■ **PROBLEM STATEMENT**:
Task for the records below: please retype exactly and only the lines from the first through the one with "Men's Skull Floral", with every picture omitted.

· · · · · · ·

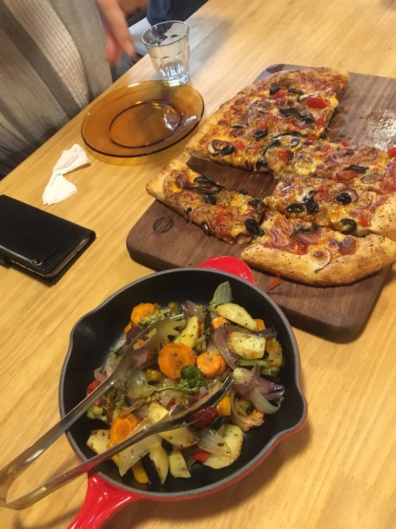 답사 후 저녁은, 폐교 안에 있는 근사한 공간에서 수제 피자와 샐러드를 먹었다. 유기농 재료를 듬뿍 넣은 우리 밀 발효 피자와 샐러드.정말 맛있었다. 정말 정말. 사실 모임의 타이틀은 매거진 편집 회의였는데 나는 아직 아무것도 모르니 그저 열심히 먹었다.
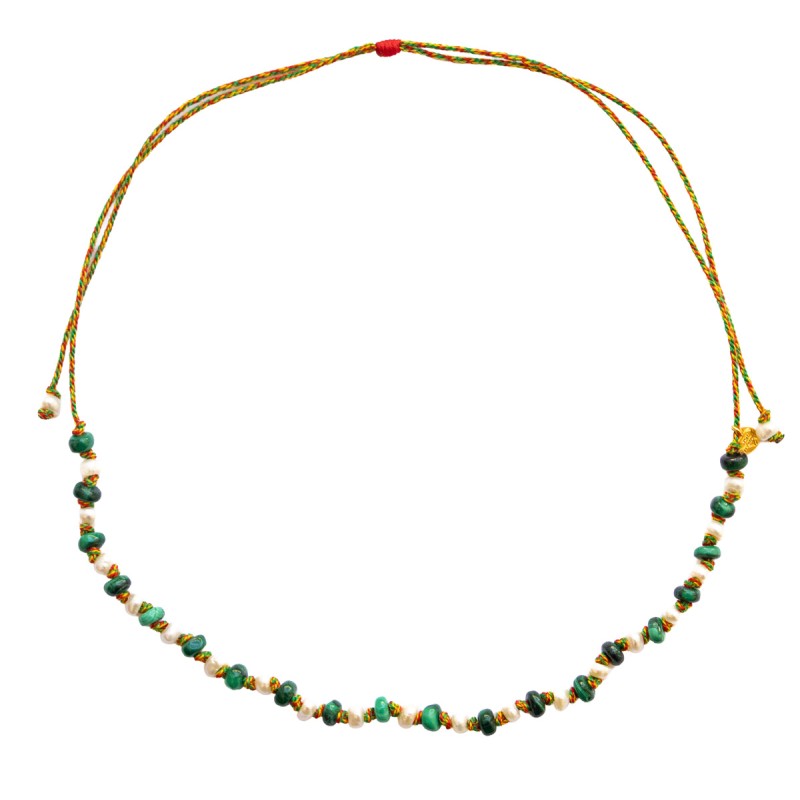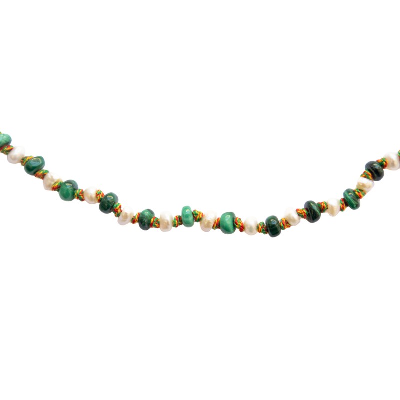 Necklace Candies in natural freshwater pearl and malachite
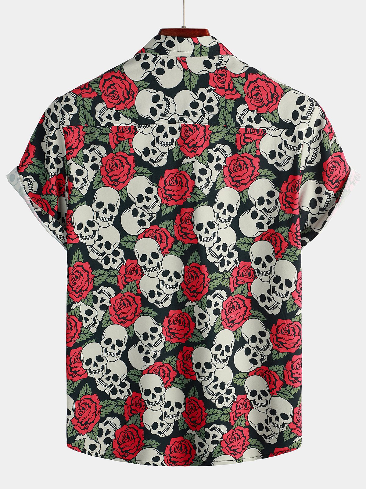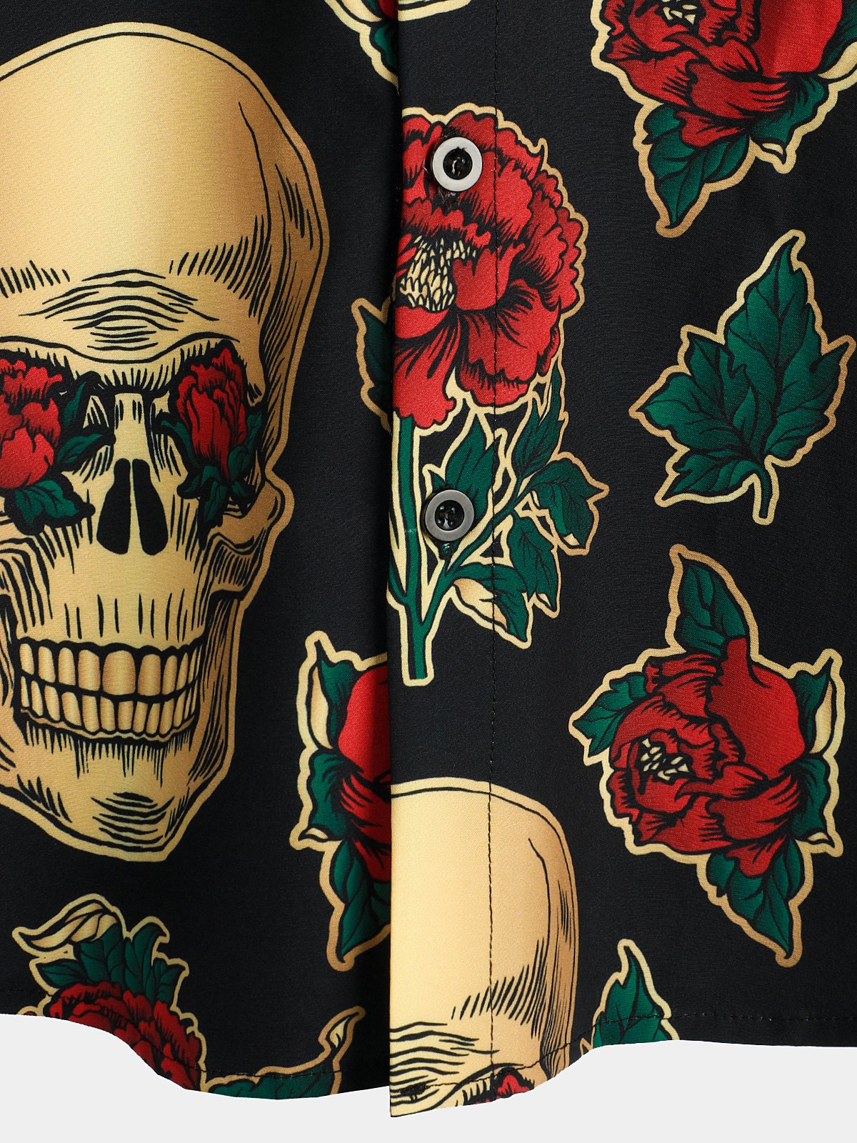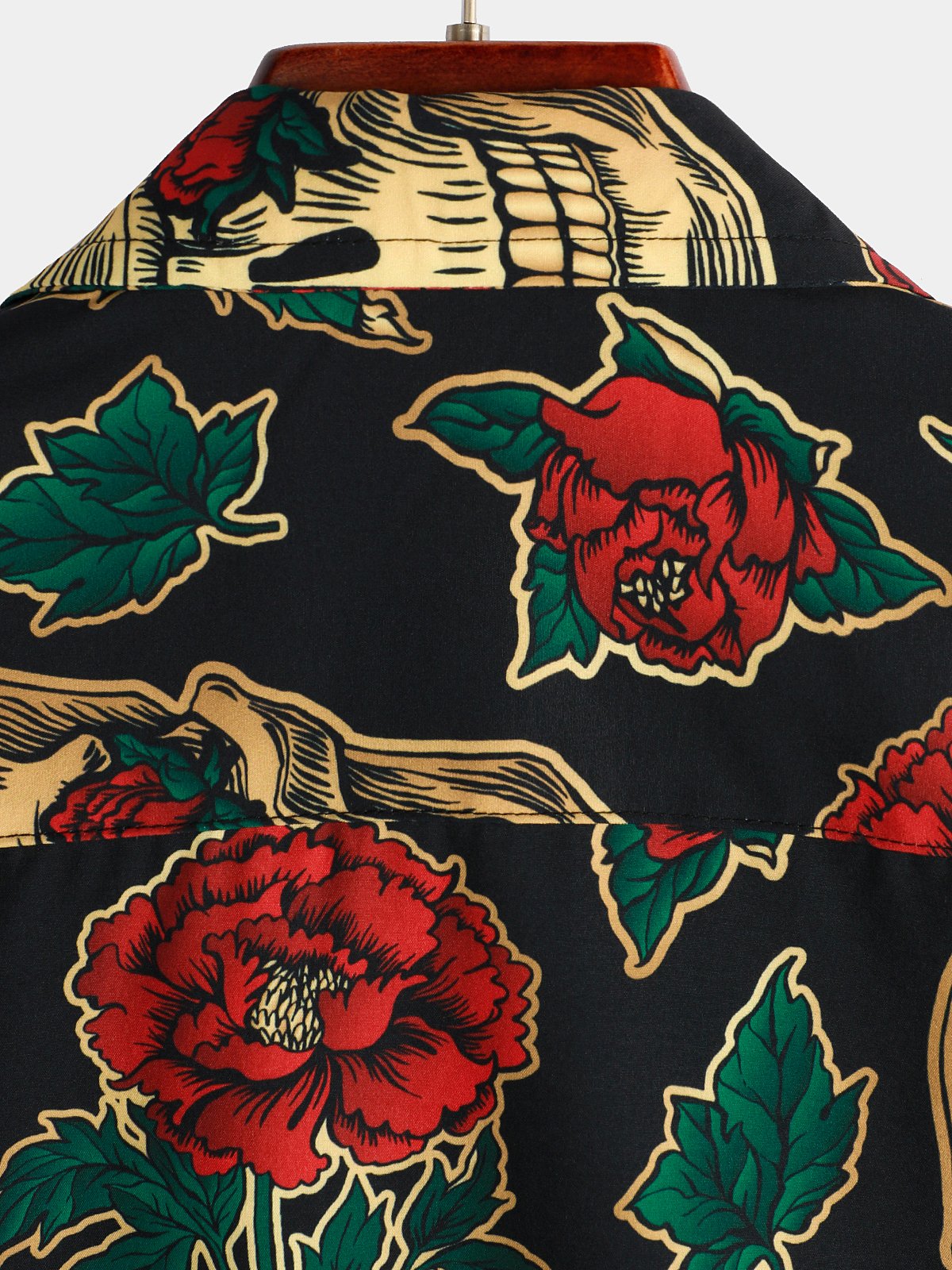 Men's Skull Floral Print Casual Lapel Button Short Sleeve Shirt
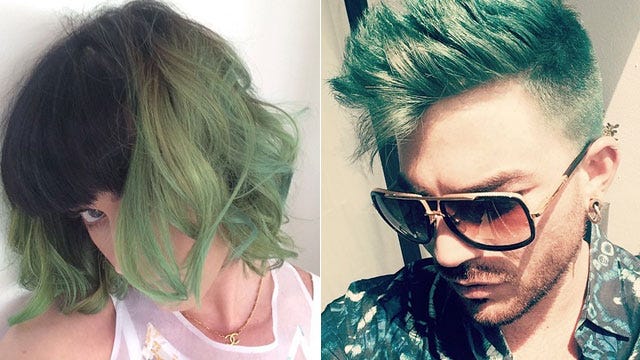 Green hair is the celeb hair color for spring! Katy Perry debuted her daring 'do on April 7, 2014, calling the color "slime green," while Adam Lambert showed off his green locks on Instagram on April 14, writing, "Green Hair Don't Care."
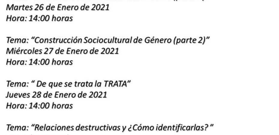 En tanto, el jueves 28 de enero, los participantes ampliarán sus conocimientos sobre la temática “De que se trata la trata”, y el viernes 29, aprenderán sobre las “Relaciones destructivas y ¿Cómo identificarlas?”, sesión en la que se contará con una invitada especial.
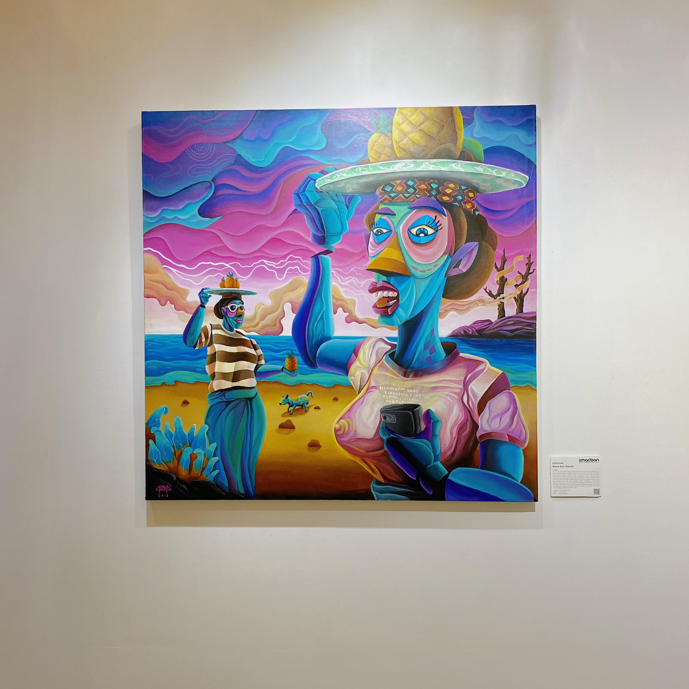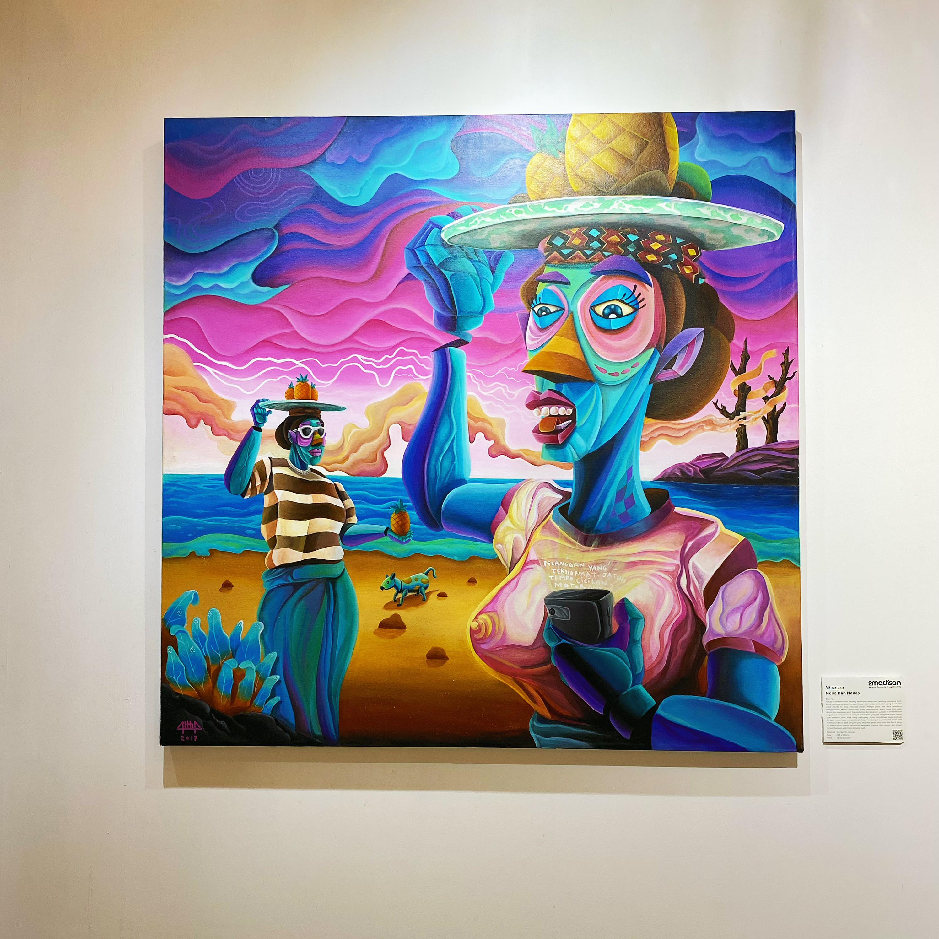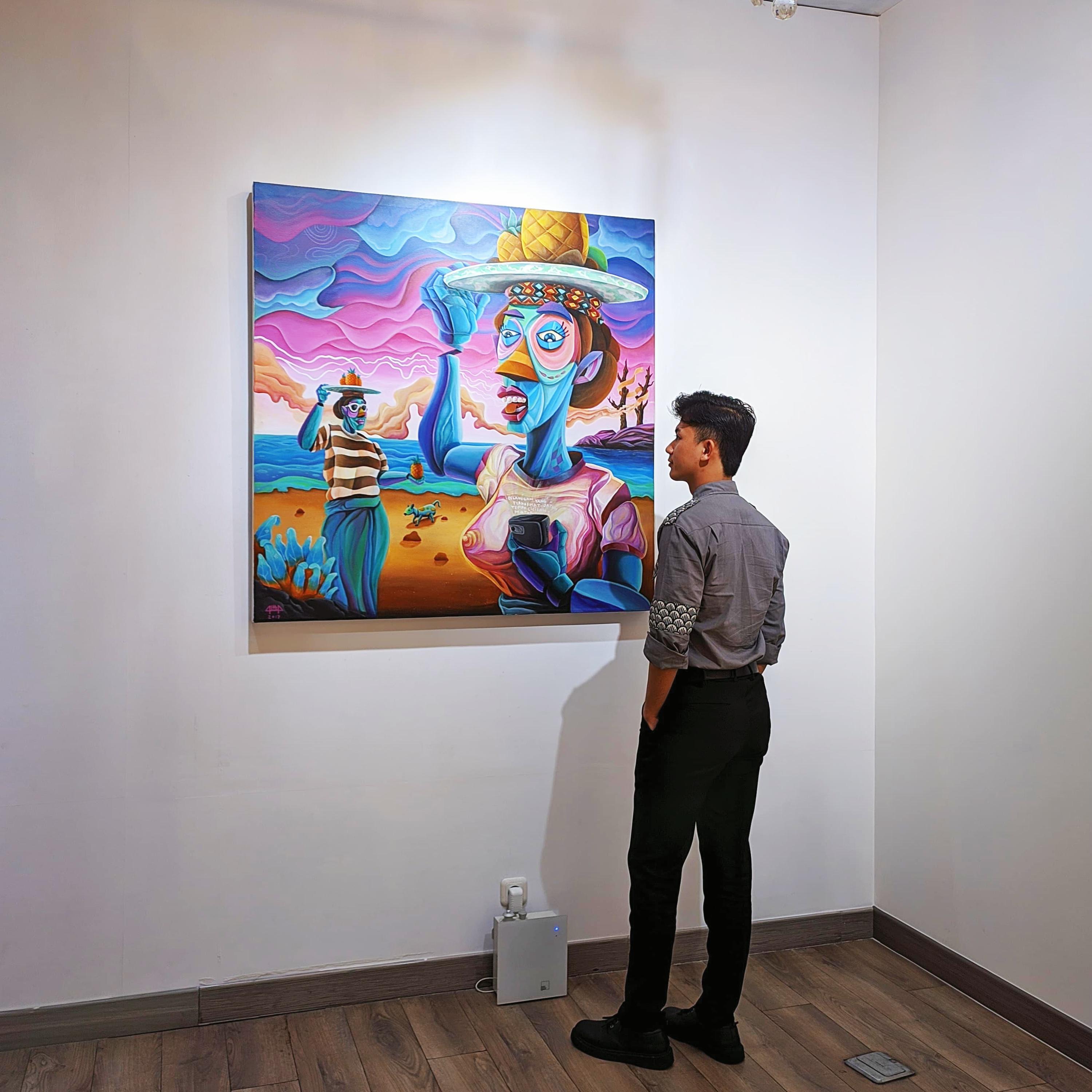 This artwork tells the story of a fruit vendor’s everyday life, where each sale carries a hope for a vacation to the city, to pay off debts, to top up phone credit, and to stay connected to the world. Dominated by the color blue, the same blue as a fifty-thousand-rupiah bill and emotions too deep to express. The painting reflects how consumerism has become a new kind of addiction, one that knows no boundaries. Yet, through it, the vendor supports his children, nurturing a dream that they might one day build a fruit supermarket of their own. Behind the smile offered to Western visitors, the work suggests that civilization often begins at the edges by the shore, where simple hopes take root.

· · · · · · ·

■ **ANSWER TO THIS PROBLEM**:
 답사 후 저녁은, 폐교 안에 있는 근사한 공간에서 수제 피자와 샐러드를 먹었다. 유기농 재료를 듬뿍 넣은 우리 밀 발효 피자와 샐러드.정말 맛있었다. 정말 정말. 사실 모임의 타이틀은 매거진 편집 회의였는데 나는 아직 아무것도 모르니 그저 열심히 먹었다.
 Necklace Candies in natural freshwater pearl and malachite
 Men's Skull Floral Print Casual Lapel Button Short Sleeve Shirt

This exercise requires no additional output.